▶ _Records to use_
⁂

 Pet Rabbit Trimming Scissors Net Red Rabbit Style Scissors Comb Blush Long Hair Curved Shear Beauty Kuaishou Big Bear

⁂

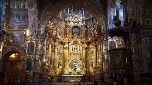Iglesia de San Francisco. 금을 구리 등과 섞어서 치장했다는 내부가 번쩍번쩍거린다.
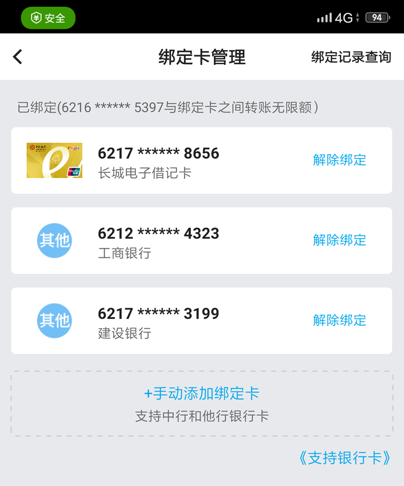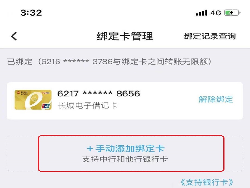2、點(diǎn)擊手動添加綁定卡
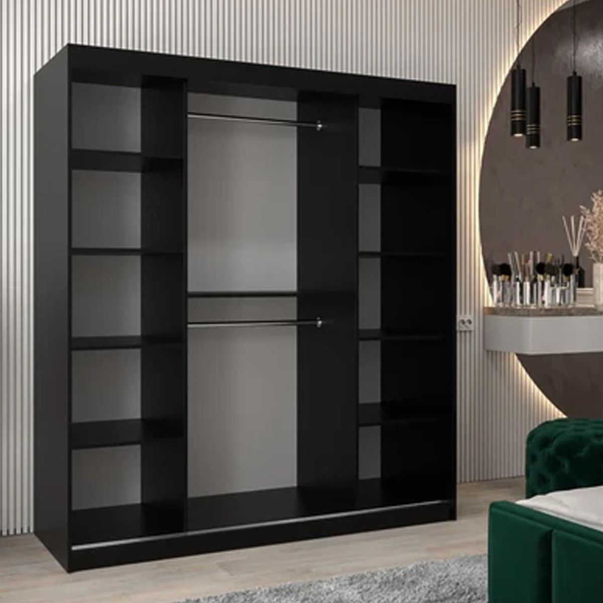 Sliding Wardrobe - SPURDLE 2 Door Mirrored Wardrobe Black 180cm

⁂

▶ _The task_
Could you output exactly the lines above, from the line with "2、點(diǎn)擊手動添加綁定卡" up to and including the line with "Sliding Wardrobe - SPURDLE", and nothing else, skipping the pictures?

▶ _Solution to the problem_
2、點(diǎn)擊手動添加綁定卡
 Sliding Wardrobe - SPURDLE 2 Door Mirrored Wardrobe Black 180cm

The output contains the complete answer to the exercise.